To clarify the possible clonal relationship between the GCT and AML, we performed cytogenetic and WES analyses of GCT and AML samples. In the cytogenetic analysis, the AML sample revealed a hyperdiploid karyotype: 63XXY,+Y,+ 1,-2,-4,-5, add(6)(p21),+ 8,-9,-11,-13,-17,-18,-19 in 4/20 metaphases and 46XY in 16/20 metaphases (Fig. 3). As no analyzable metaphases were obtained in the GCT sample, we performed two-color FISH analysis on the GCT sample using each pair probes for chromosome 6p22/6q22, 8 centromere/21q22, and 12p12/12q14. In the FISH analysis, trisomy 8, tetrasomy 8, trisomy 21, and tetrasomy 21 were detected in 11/82, 8/82, 16/84, and 15/84 mGCT cells, respectively (Fig. 4). In addition, 16/84 mGCT cells possessed three signals of both 6p22 and 6q22, and 21/85 cells showed three signals of both 12p12 and 12q14.

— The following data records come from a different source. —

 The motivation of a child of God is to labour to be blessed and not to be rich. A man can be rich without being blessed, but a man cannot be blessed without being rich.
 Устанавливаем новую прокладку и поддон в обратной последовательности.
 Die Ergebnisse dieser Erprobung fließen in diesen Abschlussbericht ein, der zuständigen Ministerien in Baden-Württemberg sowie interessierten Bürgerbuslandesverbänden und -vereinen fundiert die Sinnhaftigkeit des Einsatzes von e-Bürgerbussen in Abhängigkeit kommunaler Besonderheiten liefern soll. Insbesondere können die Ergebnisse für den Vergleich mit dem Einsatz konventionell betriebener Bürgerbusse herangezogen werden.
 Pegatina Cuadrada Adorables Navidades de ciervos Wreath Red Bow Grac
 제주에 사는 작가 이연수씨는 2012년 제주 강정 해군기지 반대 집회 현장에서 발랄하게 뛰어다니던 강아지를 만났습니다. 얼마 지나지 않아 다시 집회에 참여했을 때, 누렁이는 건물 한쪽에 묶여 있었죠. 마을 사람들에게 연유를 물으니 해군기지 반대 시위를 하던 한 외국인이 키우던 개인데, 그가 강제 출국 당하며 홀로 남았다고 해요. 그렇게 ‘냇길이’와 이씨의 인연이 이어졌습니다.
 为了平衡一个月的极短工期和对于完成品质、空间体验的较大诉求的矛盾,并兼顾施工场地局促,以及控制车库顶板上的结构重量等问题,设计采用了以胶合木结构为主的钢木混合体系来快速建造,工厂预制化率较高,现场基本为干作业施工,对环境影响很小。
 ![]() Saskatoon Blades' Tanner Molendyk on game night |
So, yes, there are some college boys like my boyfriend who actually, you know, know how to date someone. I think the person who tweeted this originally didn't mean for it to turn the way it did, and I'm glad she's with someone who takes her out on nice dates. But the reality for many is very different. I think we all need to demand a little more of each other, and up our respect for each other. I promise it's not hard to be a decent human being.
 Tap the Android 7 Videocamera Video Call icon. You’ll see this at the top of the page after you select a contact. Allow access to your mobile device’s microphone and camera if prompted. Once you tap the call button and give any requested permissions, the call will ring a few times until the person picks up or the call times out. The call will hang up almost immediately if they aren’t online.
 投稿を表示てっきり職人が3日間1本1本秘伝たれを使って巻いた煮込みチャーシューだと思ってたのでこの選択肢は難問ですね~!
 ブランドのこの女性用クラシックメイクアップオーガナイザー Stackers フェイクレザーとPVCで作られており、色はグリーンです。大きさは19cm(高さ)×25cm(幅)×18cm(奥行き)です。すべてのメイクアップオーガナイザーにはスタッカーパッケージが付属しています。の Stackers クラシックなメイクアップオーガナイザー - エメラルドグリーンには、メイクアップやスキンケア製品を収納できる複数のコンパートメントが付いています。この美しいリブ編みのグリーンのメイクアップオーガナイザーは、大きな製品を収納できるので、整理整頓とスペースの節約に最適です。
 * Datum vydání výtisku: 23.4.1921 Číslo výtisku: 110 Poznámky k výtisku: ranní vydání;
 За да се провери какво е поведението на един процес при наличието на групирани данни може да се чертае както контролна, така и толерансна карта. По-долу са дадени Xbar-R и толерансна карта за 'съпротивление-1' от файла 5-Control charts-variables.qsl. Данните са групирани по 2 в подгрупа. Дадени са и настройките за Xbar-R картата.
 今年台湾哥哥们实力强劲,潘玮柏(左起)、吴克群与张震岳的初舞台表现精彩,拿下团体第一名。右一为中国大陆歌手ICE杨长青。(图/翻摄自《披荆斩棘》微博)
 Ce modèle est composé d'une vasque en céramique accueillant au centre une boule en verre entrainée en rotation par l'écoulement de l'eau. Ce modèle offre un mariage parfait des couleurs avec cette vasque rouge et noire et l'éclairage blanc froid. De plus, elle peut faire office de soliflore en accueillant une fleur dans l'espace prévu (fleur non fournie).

In the WES analysis, we detected 16 somatic mutations in the GCT sample, including 15 SNVs and one deletion, and 18 somatic mutations in the AML samples, including 17 SNVs and one deletion. Among them, mutations in 9 genes, specifically TP53(c.G836A), PTEN(c.492 + 1G > A), RLF(c.4563_4567del), DLG2(c.C140T), YY2(c.G813A), PCLO(c.T13947G), GOLGA8J(c.G992A), EDRF1(c.C3172T), and ASF1A(c.T231A) were observed in both tumors and at the same nucleotide. Their detailed nucleotide changes and variant allele frequency (VAF) in each tumor are shown in Table 1. TP53, PTEN, RLF, DLG2, and YY2 showed relatively higher VAFs than PCLO, GOLGA8J, EDRF1, and ASF1A (Table 1, Fig. 5). In our case, the TP53 mutation (p.G279E) occurred in the DNA binding domain and the PTEN mutation (exon5:c.492 + 1G > A) occurred in the splicing donor site of intron 5, which codes for the phosphatase domain (Fig. 6).